The following index is useful:

CREATE INDEX f1 
ON [Event] ([TimeStamp], EventTypeID) 
INCLUDE (DeviceID)
WHERE EventTypeID IN (2, 5, 7, 8, 9, 14);

For the query:

SELECT
  [Event].ID,
  [Event].[TimeStamp],
  EventType.Name,
  Device.ID
FROM
  [Event]
INNER JOIN EventType ON EventType.ID = [Event].EventTypeID
INNER JOIN Device ON Device.ID = [Event].DeviceID
WHERE
  [Event].[TimeStamp] BETWEEN '2011-01-28' AND '2011-01-29'
  AND Event.EventTypeID IN (2, 5, 7, 8, 9, 14);

The filter meets the AND clause requirement, the first key of the index allows a seek on [TimeStamp] for the filtered EventTypeIDs and including the DeviceID column makes the index covering (because DeviceID is required for the join to the Device table).

Finished plan

The second key of the index - EventTypeID is not strictly required (it could also be an INCLUDEd column); I have included it in the key for the reasons stated here. In general, I advise people to at least INCLUDE columns from a filtered index WHERE clause.

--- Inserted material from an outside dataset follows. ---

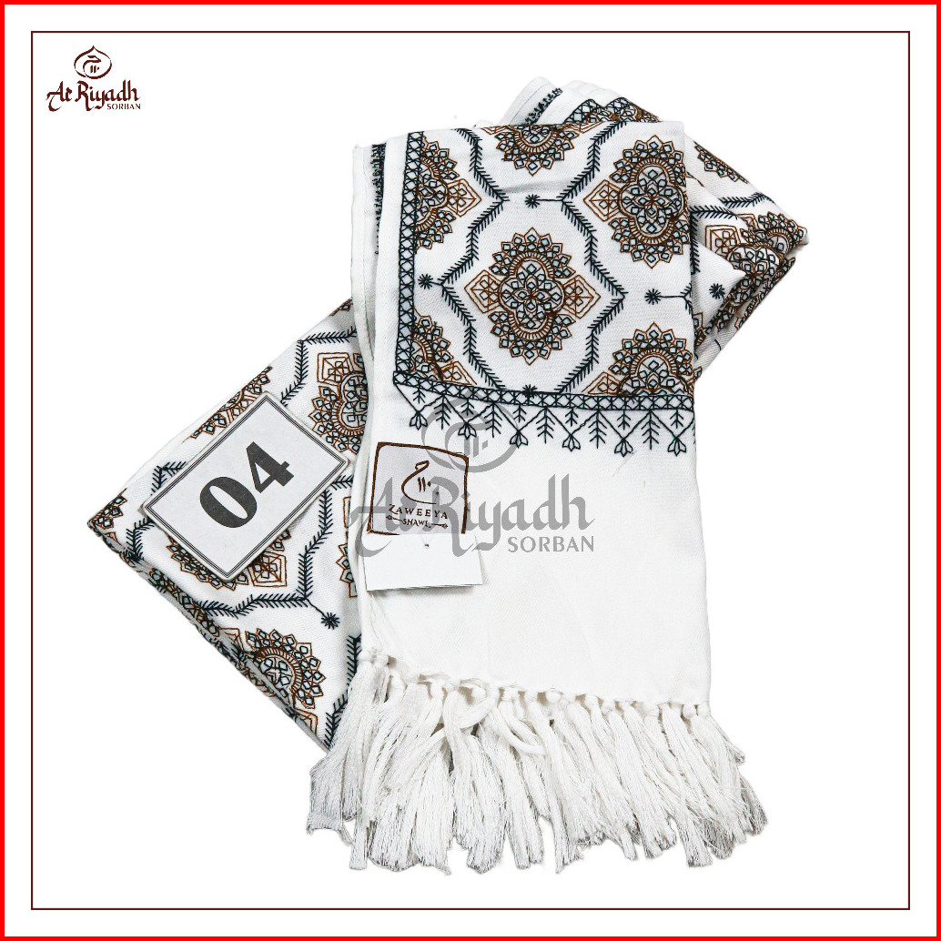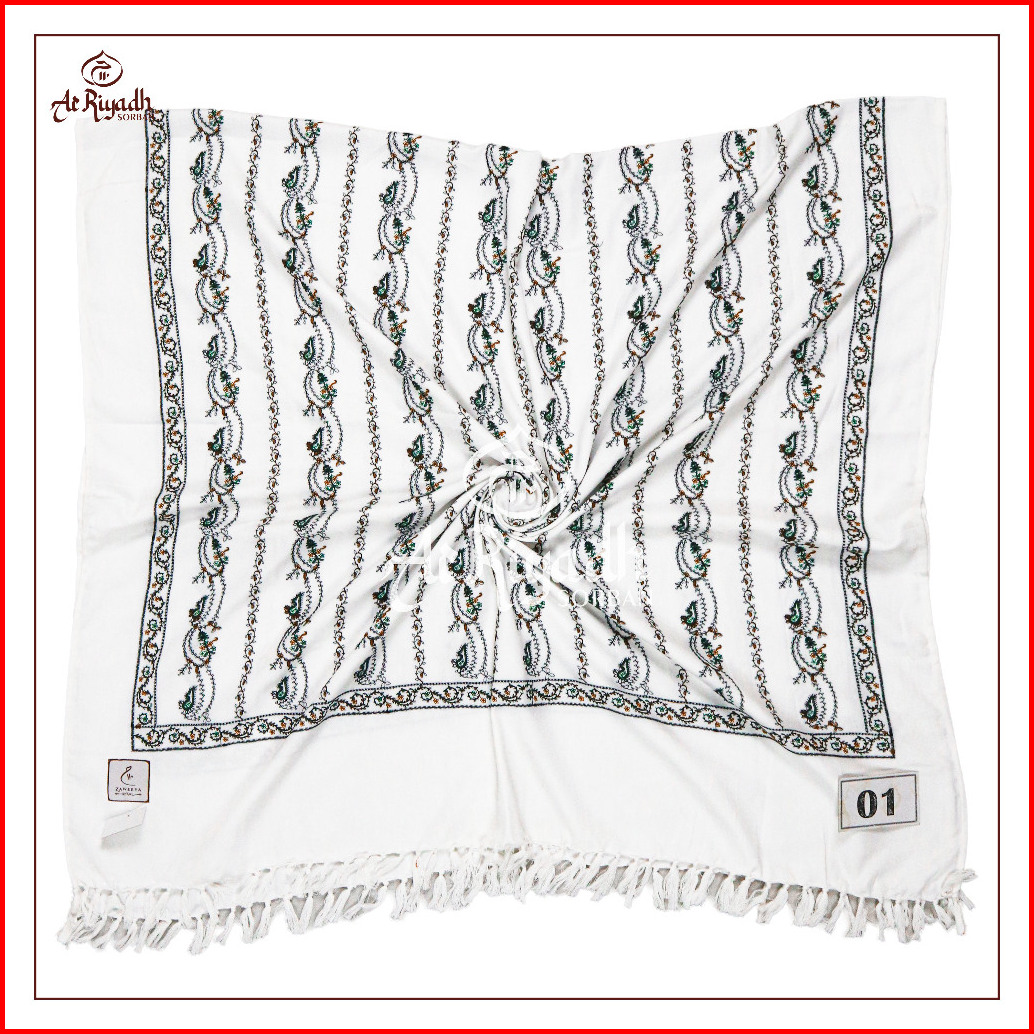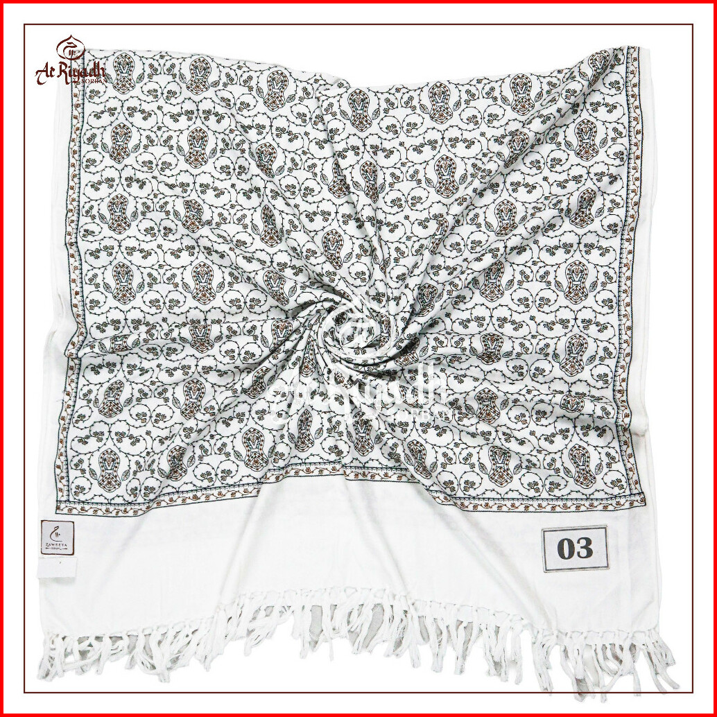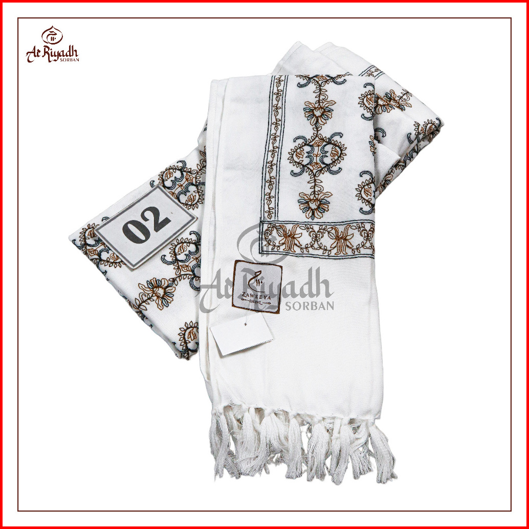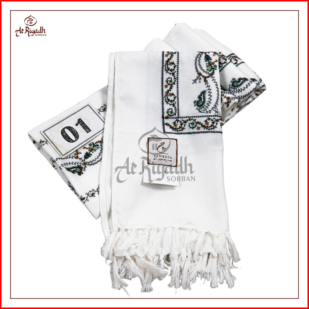 Sorban Kashmiri Zaweeya Ry110a Putih Full Motif Sulam

Based on the updated query and execution plan in the question, I agree that the more general index suggested by SSMS is likely the better choice here, unless the list of filtered EventTypeIDs is static as Aaron also mentions in his answer:

CREATE TABLE Device 
(
    ID integer PRIMARY KEY,
    Name nvarchar(50) NOT NULL UNIQUE
);

CREATE TABLE EventType
(
    ID integer PRIMARY KEY, 
    Name nvarchar(20) NOT NULL UNIQUE,
    [Description] nvarchar(100) NOT NULL
);

CREATE TABLE [Event]
(
    ID integer PRIMARY KEY, 
    PLCTimeStamp datetime NOT NULL,
    EventTypeID integer NOT NULL REFERENCES EventType, 
    DeviceID integer NOT NULL REFERENCES Device,
    IATA varchar(50) NOT NULL,
    Data1 integer NULL,
    Data2 integer NULL,
);

Suggested index (declare it unique if that is appropriate):

CREATE UNIQUE INDEX uq1
ON [Event]
    (EventTypeID, PLCTimeStamp)
INCLUDE 
    (DeviceID, IATA, Data1, Data2, ID);

Cardinality information from the execution plan (undocumented syntax, do not use in production systems):

UPDATE STATISTICS dbo.Event WITH ROWCOUNT = 4042700, PAGECOUNT = 400000;
UPDATE STATISTICS dbo.EventType WITH ROWCOUNT = 22, PAGECOUNT = 1;
UPDATE STATISTICS dbo.Device WITH ROWCOUNT = 2806, PAGECOUNT = 28;

Updated query (repeating the IN list for the EventType table helps the optimizer in this specific case):

SELECT
  Event.ID,
  Event.IATA,
  Device.Name,
  EventType.Description,
  Event.Data1,
  Event.Data2,
  Event.PLCTimeStamp,
  Event.EventTypeID
FROM
  Event
INNER JOIN EventType ON EventType.ID = Event.EventTypeID
INNER JOIN Device ON Device.ID = Event.DeviceID
WHERE
  Event.EventTypeID IN (3, 30, 40, 41, 42, 46, 49, 50)
  AND EventType.ID IN (3, 30, 40, 41, 42, 46, 49, 50)
  AND Event.PLCTimeStamp BETWEEN '2011-01-28' AND '2011-01-29'
  AND Event.IATA LIKE '%0005836217%'
ORDER BY Event.ID;

Estimated execution plan:

Second plan

The plan you get will likely be different because I am using guessed statistics. The general point is to give the optimizer as much information as you can, and provide an efficient access method (index) on the 4-million row [Event] table.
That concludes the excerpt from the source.